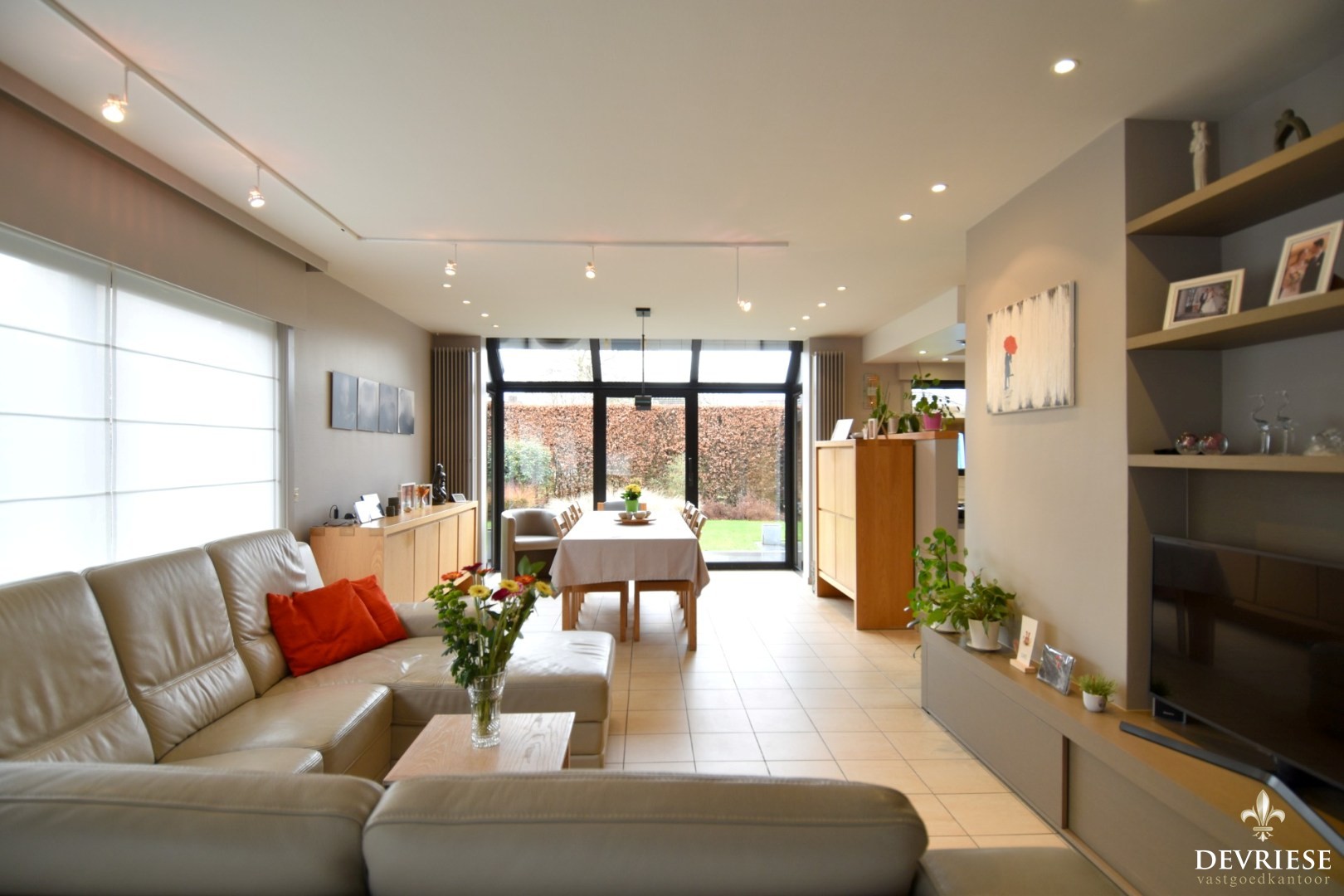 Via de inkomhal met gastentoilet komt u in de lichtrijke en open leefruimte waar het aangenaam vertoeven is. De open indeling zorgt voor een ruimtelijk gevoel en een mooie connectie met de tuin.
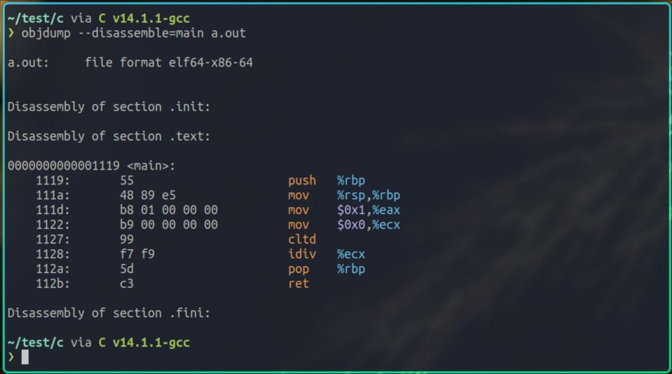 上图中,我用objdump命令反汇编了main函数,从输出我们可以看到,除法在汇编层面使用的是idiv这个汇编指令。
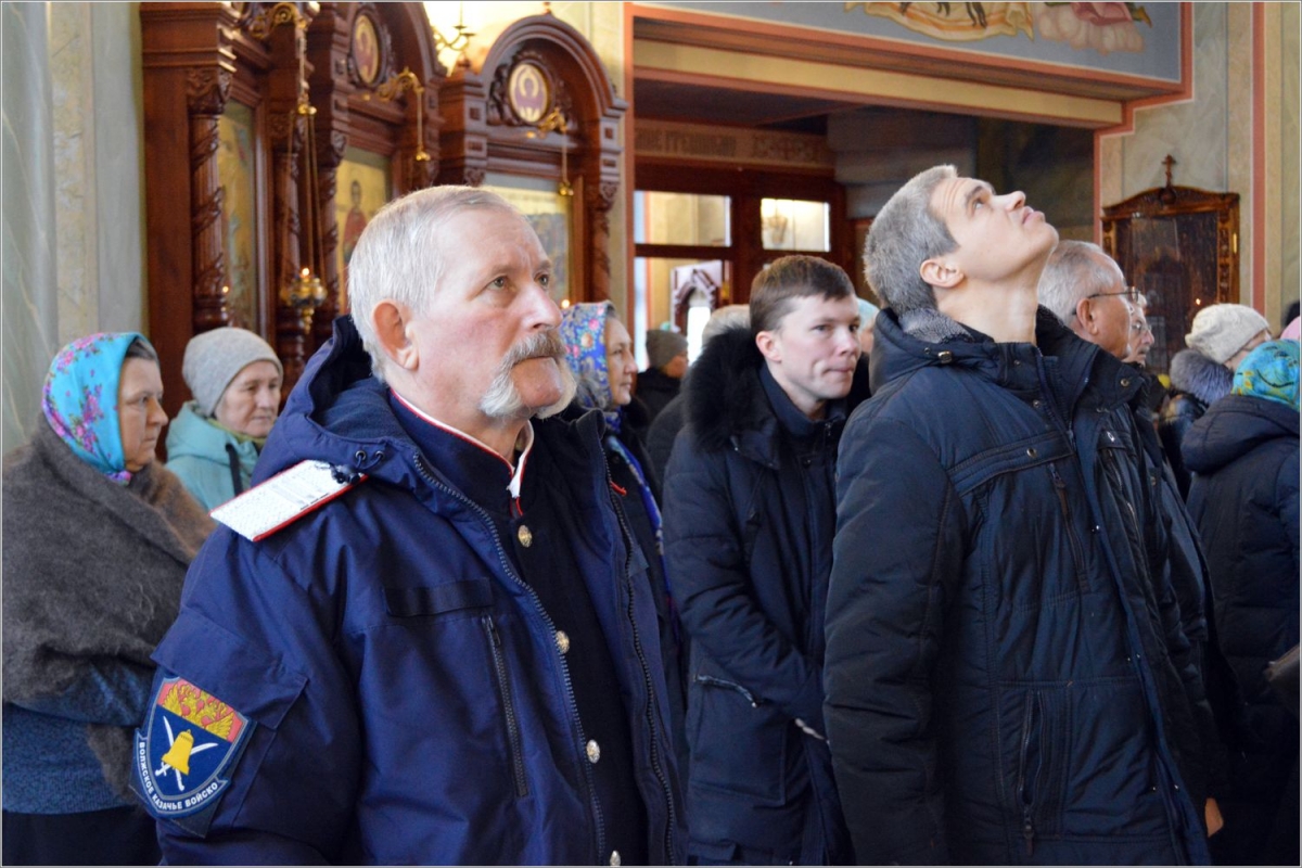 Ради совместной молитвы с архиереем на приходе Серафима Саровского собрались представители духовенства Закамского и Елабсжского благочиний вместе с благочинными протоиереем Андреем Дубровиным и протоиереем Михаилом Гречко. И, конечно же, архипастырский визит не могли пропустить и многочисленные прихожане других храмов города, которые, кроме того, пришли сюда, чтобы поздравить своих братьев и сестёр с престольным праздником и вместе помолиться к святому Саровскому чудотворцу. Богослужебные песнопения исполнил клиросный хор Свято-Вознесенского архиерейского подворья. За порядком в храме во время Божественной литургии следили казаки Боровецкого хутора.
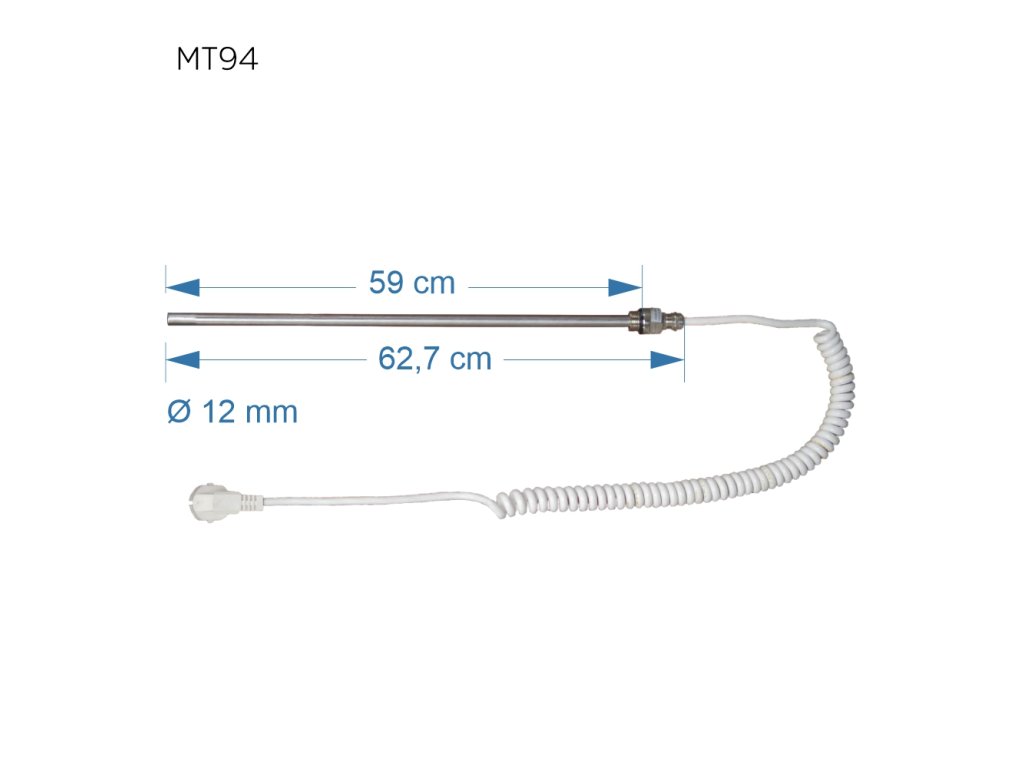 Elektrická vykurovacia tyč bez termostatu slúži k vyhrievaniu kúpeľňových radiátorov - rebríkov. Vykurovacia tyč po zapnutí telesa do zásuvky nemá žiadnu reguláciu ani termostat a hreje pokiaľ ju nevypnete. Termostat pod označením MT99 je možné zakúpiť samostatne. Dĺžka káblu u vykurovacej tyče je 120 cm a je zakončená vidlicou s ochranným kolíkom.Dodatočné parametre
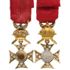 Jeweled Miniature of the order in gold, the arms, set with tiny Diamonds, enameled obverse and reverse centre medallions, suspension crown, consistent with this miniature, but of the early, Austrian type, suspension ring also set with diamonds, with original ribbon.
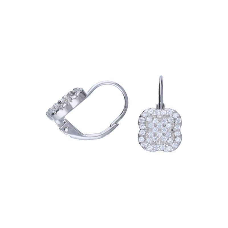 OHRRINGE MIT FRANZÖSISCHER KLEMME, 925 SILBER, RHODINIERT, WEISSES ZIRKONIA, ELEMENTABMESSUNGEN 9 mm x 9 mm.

◆ ◆ ◆ ◆ ◆ ◆ ◆

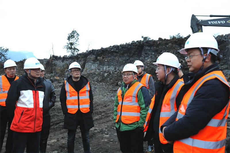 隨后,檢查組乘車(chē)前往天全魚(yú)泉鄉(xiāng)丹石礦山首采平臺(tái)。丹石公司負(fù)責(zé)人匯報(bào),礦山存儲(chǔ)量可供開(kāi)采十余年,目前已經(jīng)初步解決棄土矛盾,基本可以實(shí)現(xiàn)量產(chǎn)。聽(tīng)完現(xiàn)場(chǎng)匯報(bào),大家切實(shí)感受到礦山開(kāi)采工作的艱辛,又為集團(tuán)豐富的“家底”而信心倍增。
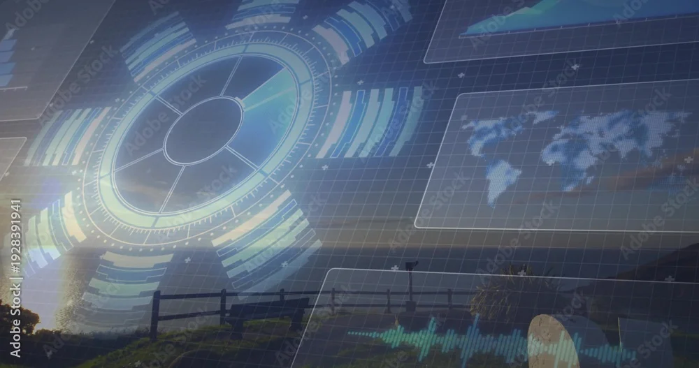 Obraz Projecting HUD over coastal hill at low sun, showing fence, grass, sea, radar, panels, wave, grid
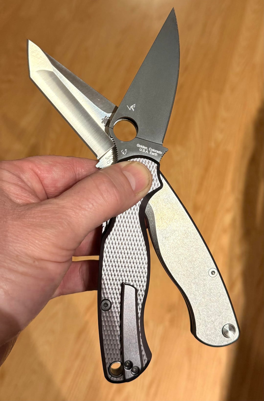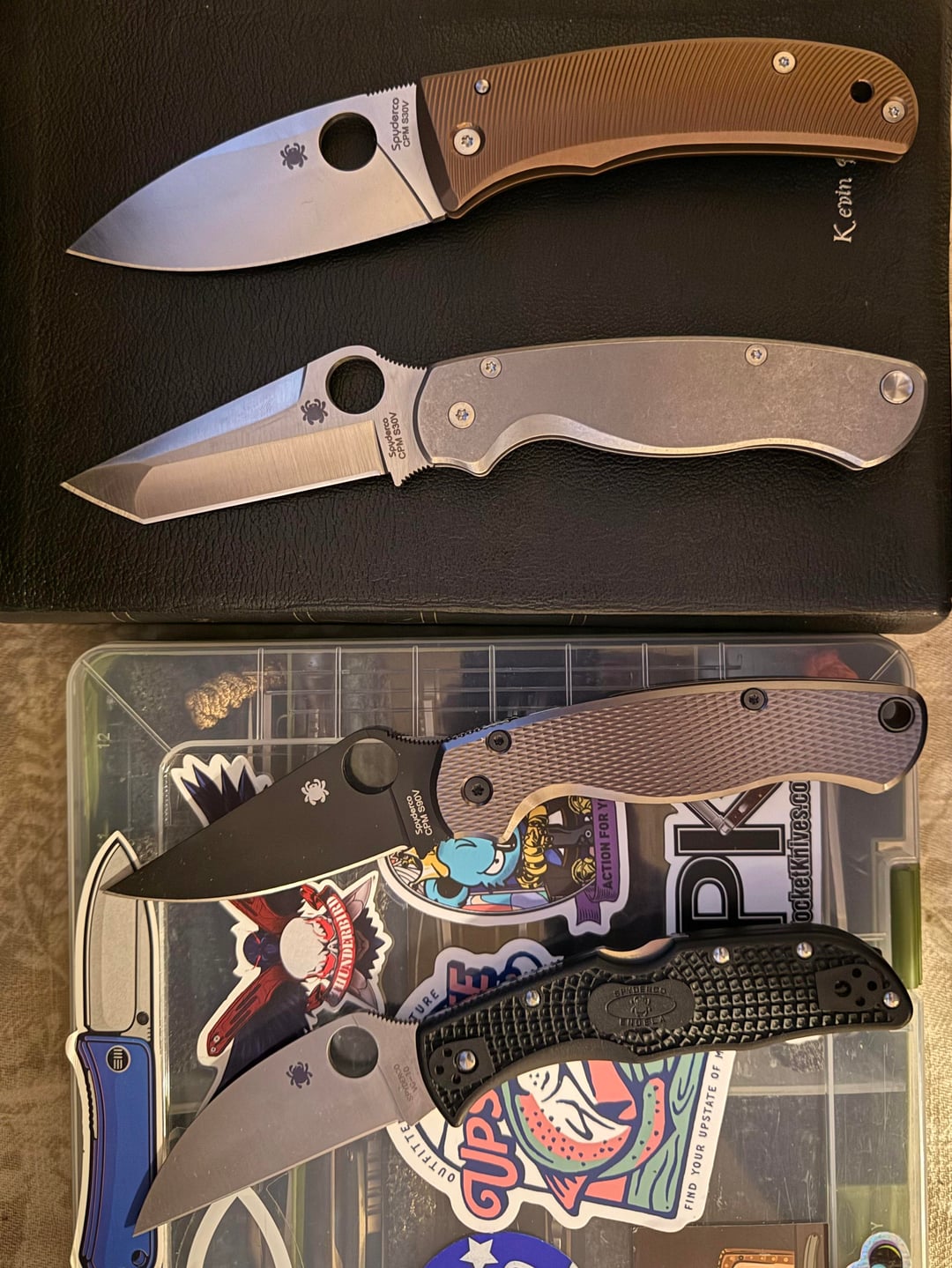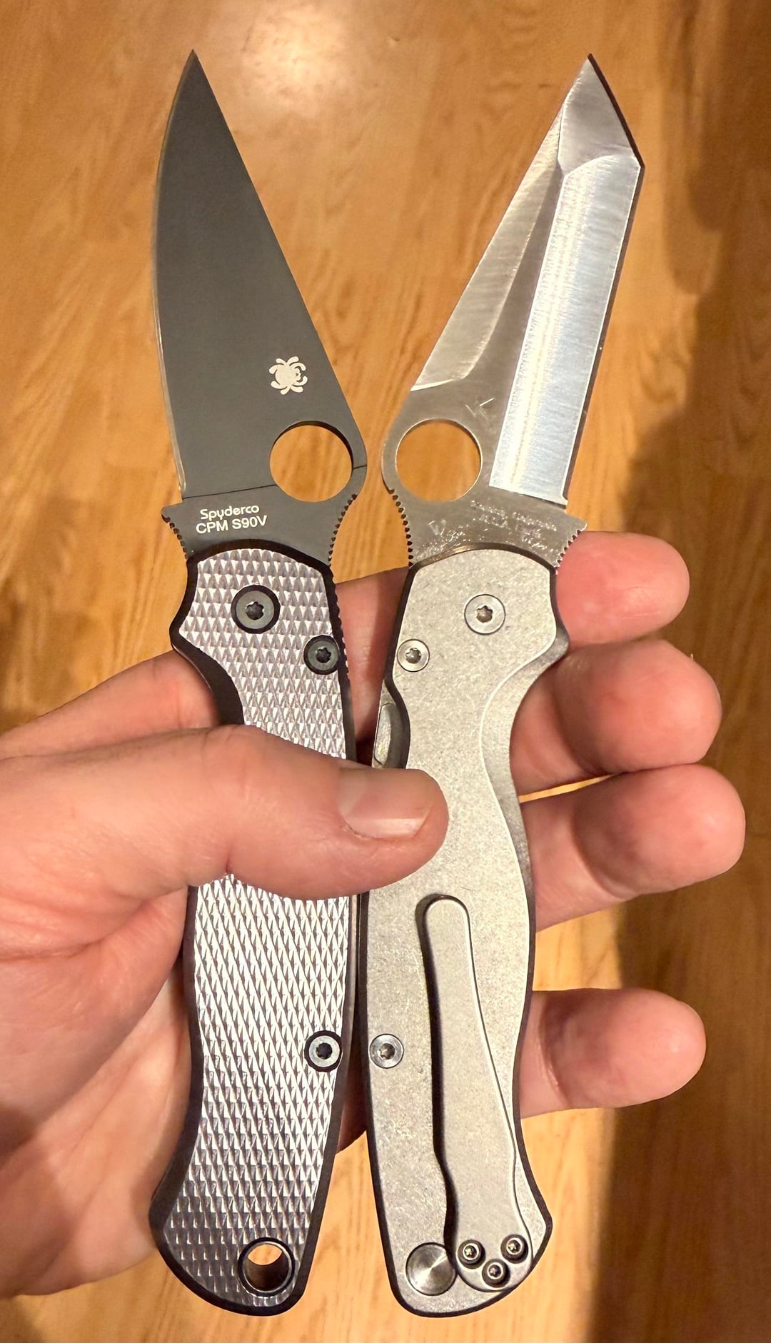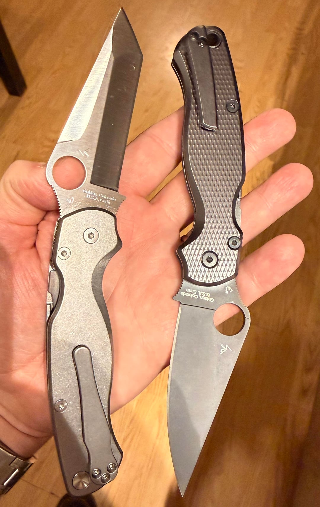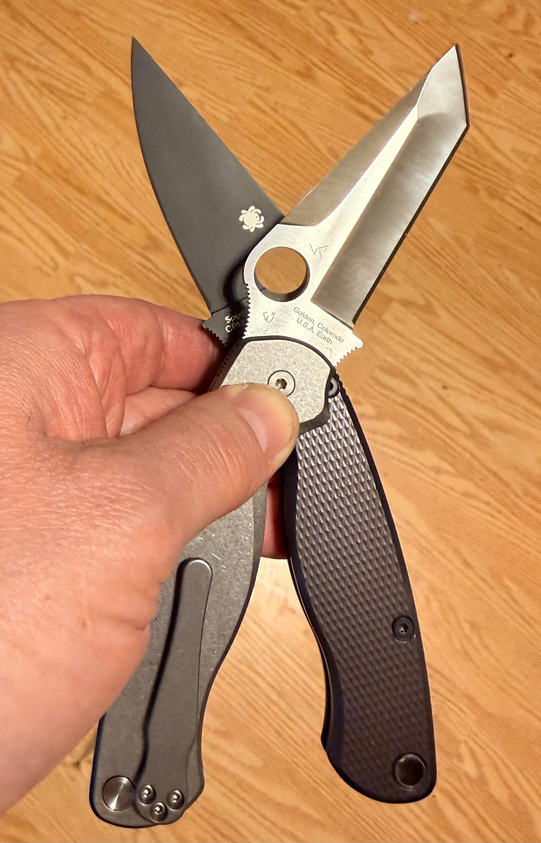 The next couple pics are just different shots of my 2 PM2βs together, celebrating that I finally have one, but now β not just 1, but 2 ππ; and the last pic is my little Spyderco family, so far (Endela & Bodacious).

◆ ◆ ◆ ◆ ◆ ◆ ◆

Begin at the line in the entries above that has "Via de inkomhal", stop after the line that has "上图中,我用objdump命", and output exactly those lines without pictures.

**Output of the task**
 Via de inkomhal met gastentoilet komt u in de lichtrijke en open leefruimte waar het aangenaam vertoeven is. De open indeling zorgt voor een ruimtelijk gevoel en een mooie connectie met de tuin.
 上图中,我用objdump命令反汇编了main函数,从输出我们可以看到,除法在汇编层面使用的是idiv这个汇编指令。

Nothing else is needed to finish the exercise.